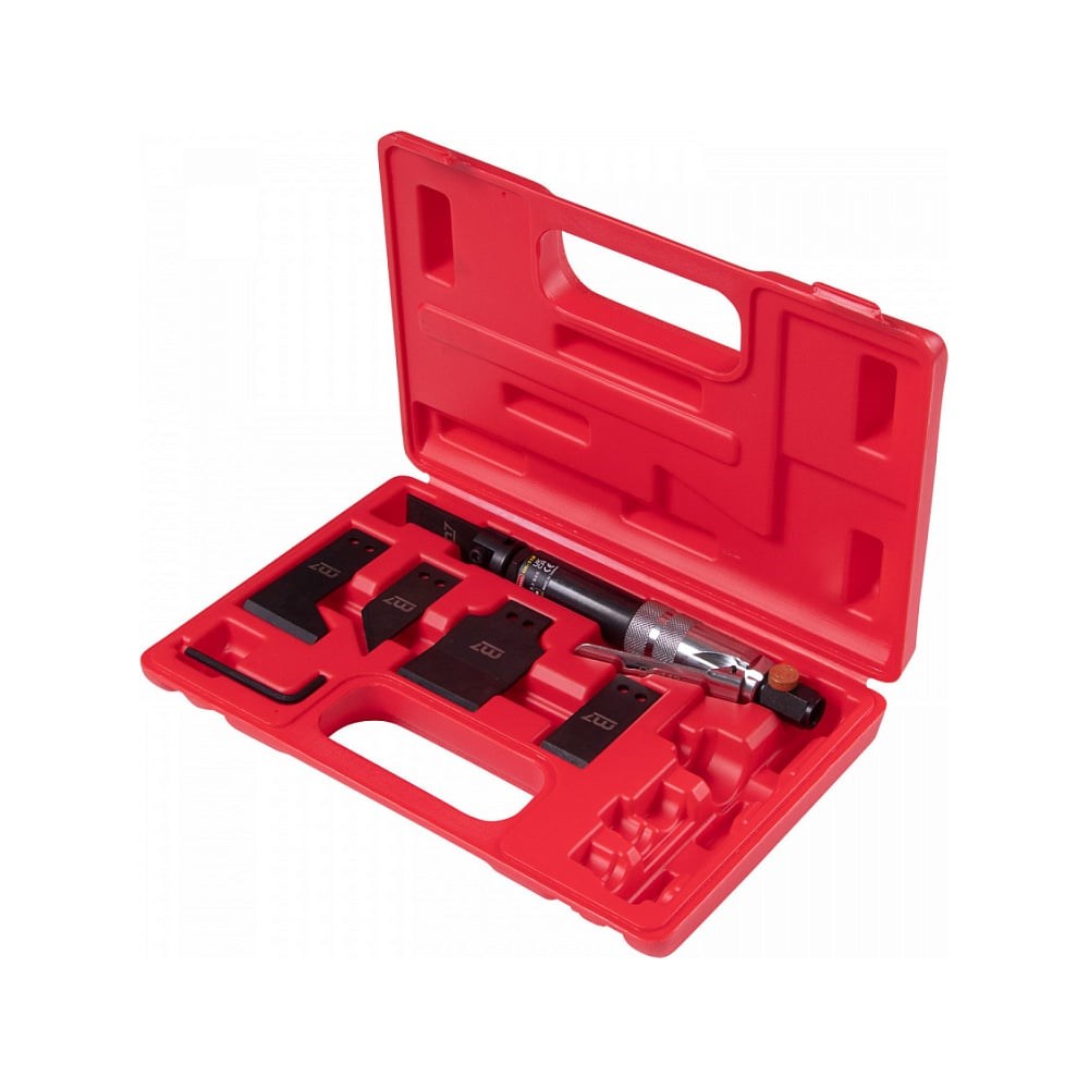 Скребковый пневматический нож с набором насадок MIGHTY SEVEN 6 предметов QK-112N подходит для удаления старых прокладок, уплотнителей, краски, герметика и других материалов. Применение ножа позволяет не только сэкономить время и силы, но и значительно повышает качество и производительность работы. Поставляется в удобном кейсе. Рабочий ход - 16 мм.
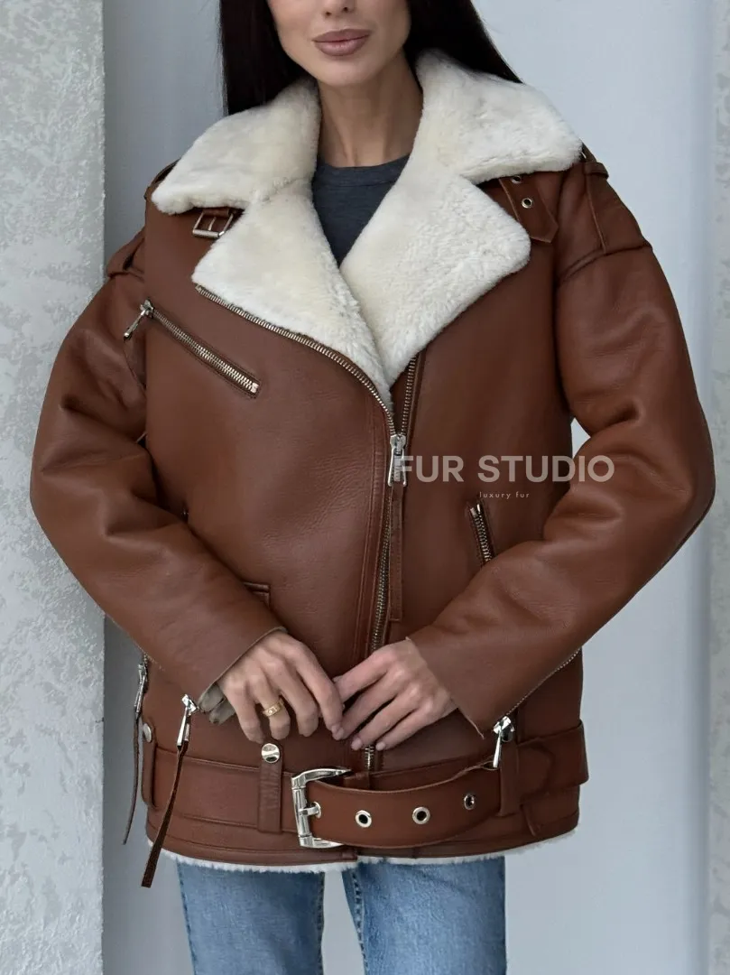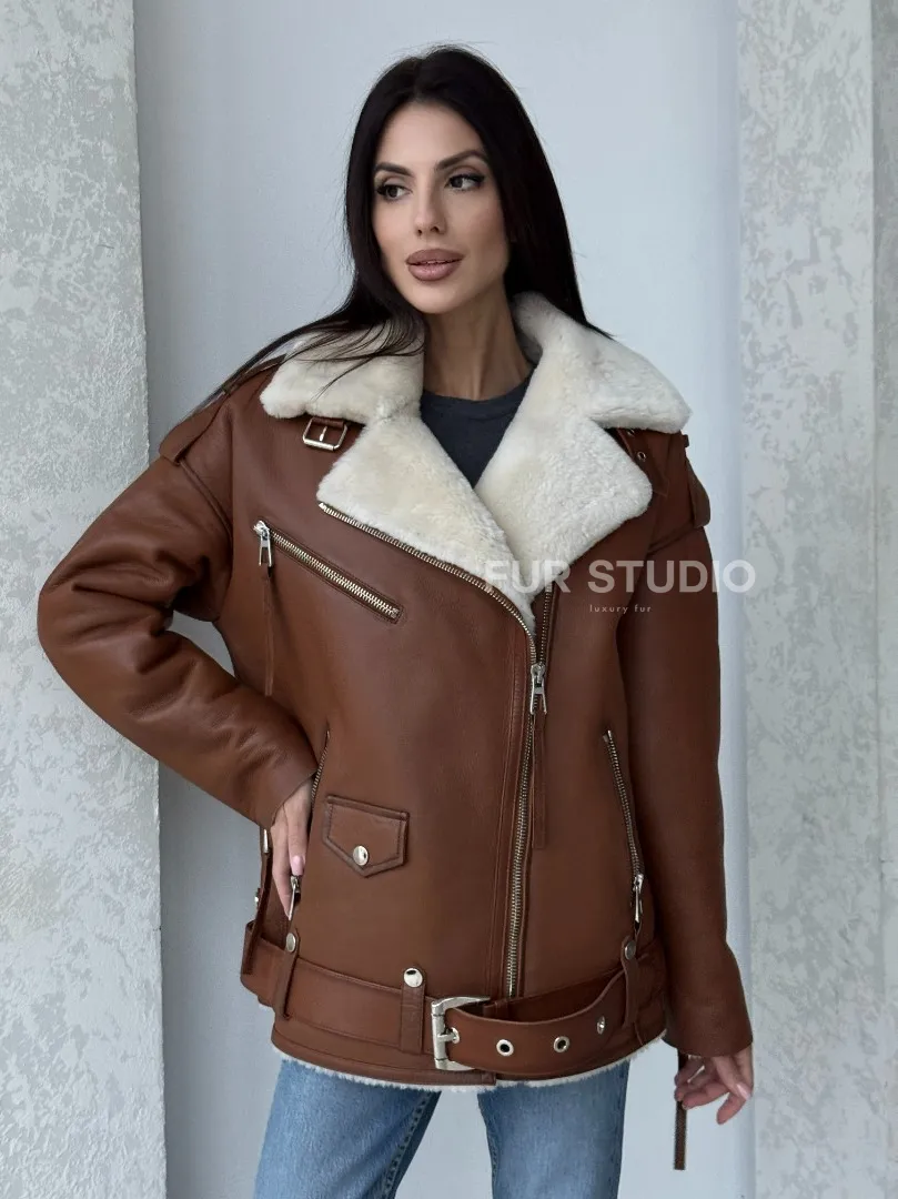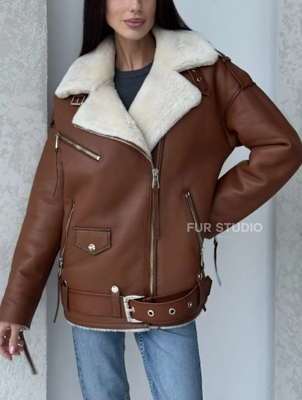 Оптимальная длина комфортна при носке. Прямой крой не сковывает движений, что удобно при вождении машины. Стильный пояс на бедрах добавляет нотку экстравагантности в образ. Модель сочетается с базовым гардеробом. Шикарный воротник не даст замерзнуть шее в непогоду. Фермуары на рукавах смотрятся оригинально. Купить дубленку авиатор из натуральной кожи в цвете виски могут женщины, которые любят выглядеть дерзко, но при этом изысканно.
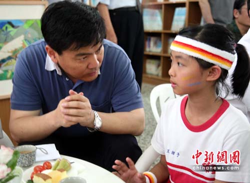 图为汶川地震重灾区中共广元市委书记罗强与埔里小学生亲切交谈。 作者:邹辉
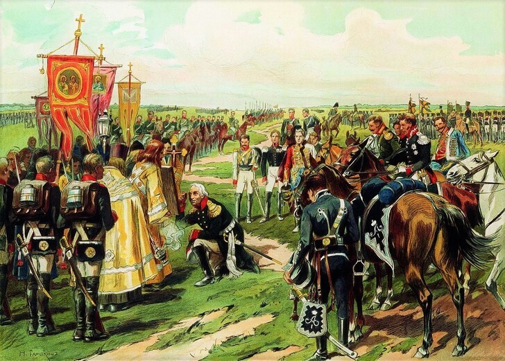 Кутузов, сдернув фуражку с седой головы, тяжело опустился на колени. За ним его генералы: Багратион, Барклай, Платов, братья Тучковы…
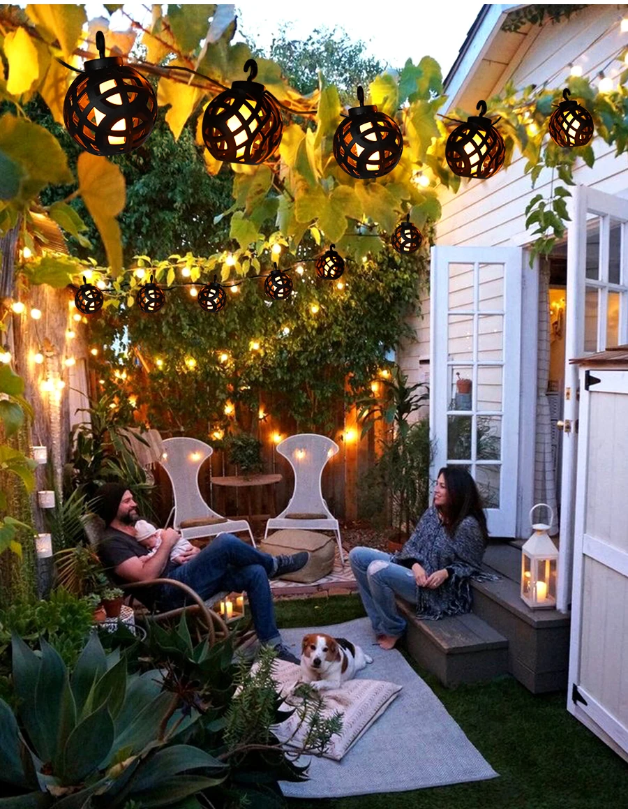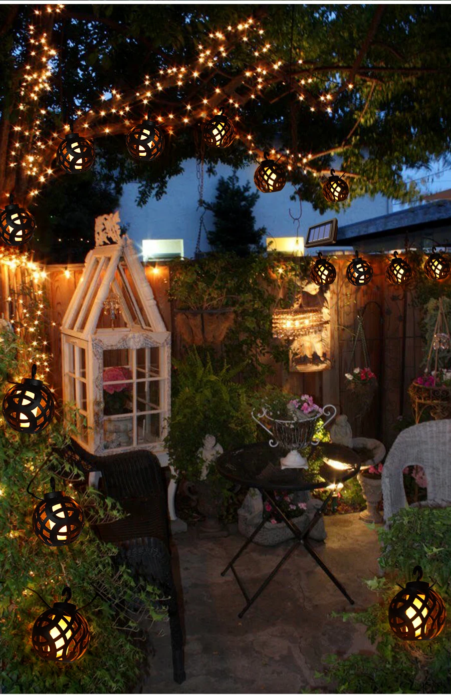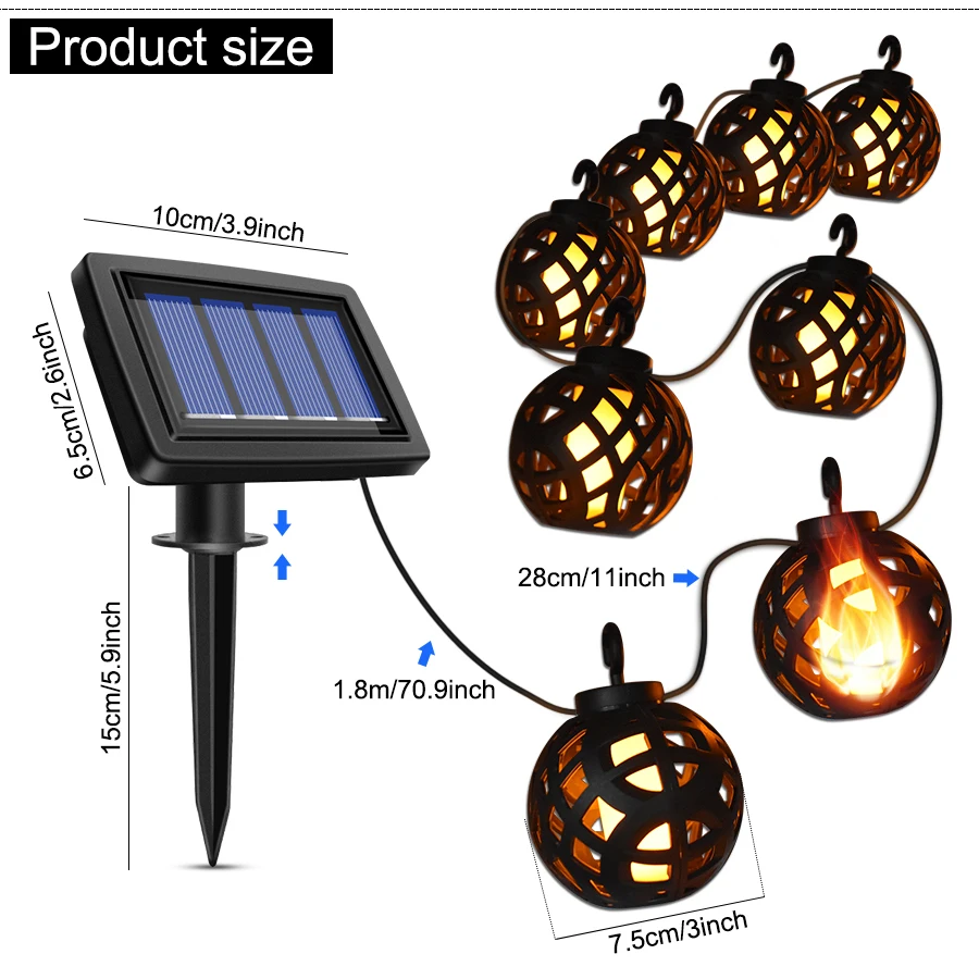 Solar String Lights LED Outdoor Waterproof Flickering Flame Hanging Solar Lantern Lamp with 8 Ball for Patio Garden Yard
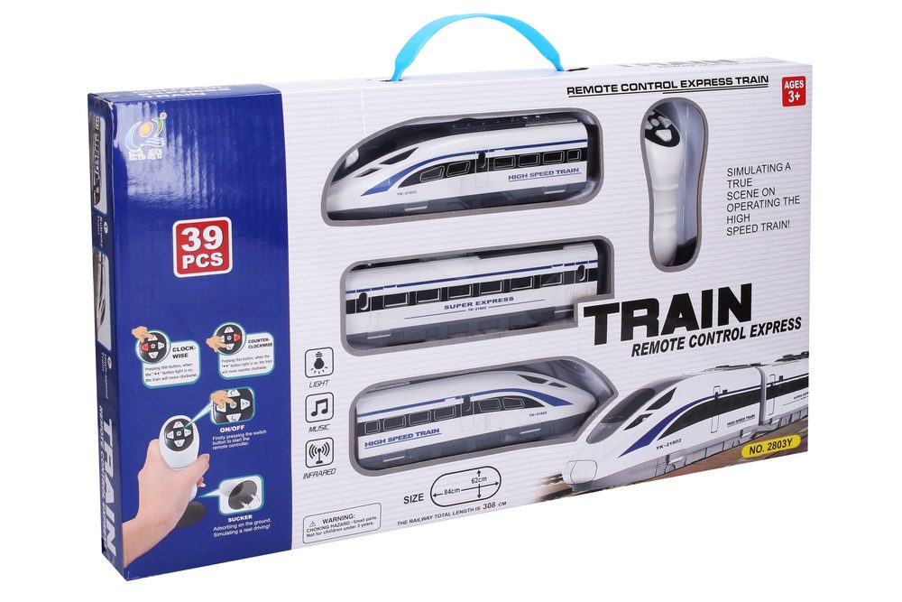 Vlak rychlostní set RC. Rozměry 84x62 cm, délka trati 308 cm. Součástí mašinka a 2 vagóny, koleje, ovladač s přísavkou, výhybka, stromy, značka. Magnetické spojení vagónů. Světelné a zvukové efekty. Ovladač - jízda dopředu, jízda dozadu. 3xAA do vlaku, 2xAA do ovladače nejsou součástí. Superrýchly vlak pre milovníkov najnovších technológií a spôsobov cestovania. Vďaka svetelným efektom sa nestratí ani v tuneli. Obsah balenia: Motor a 2 autá skladby ovládač s prísavkou vypínač, stromy, značka. Magnetické…
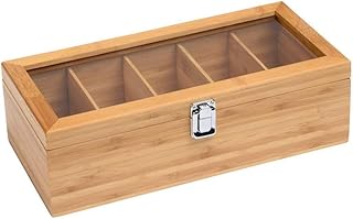 Luka 5グリッド 竹製 ティーバッグ収納ボックス ホルダー 収納ケース クリアなふた付き
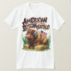 American Buffalo Bison in the black and gold text. An American bison buffalo standing in front of an American flag in the background.
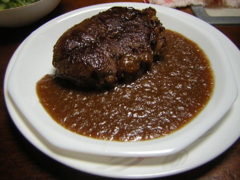 ソースの材料が混じってソースとなります。 ソース全体が激しく沸騰しはじめて10秒程混ぜ続ければ できあがりです。これを、肉の横に流して供します。 |

● ● ● ●

- _TO DO_
Copy exactly the lines from the line containing "American Buffalo Bison" through the last line of the records, both included, and omit every picture.

- _YOUR SOLUTION_
 American Buffalo Bison in the black and gold text. An American bison buffalo standing in front of an American flag in the background.
 ソースの材料が混じってソースとなります。 ソース全体が激しく沸騰しはじめて10秒程混ぜ続ければ できあがりです。これを、肉の横に流して供します。 |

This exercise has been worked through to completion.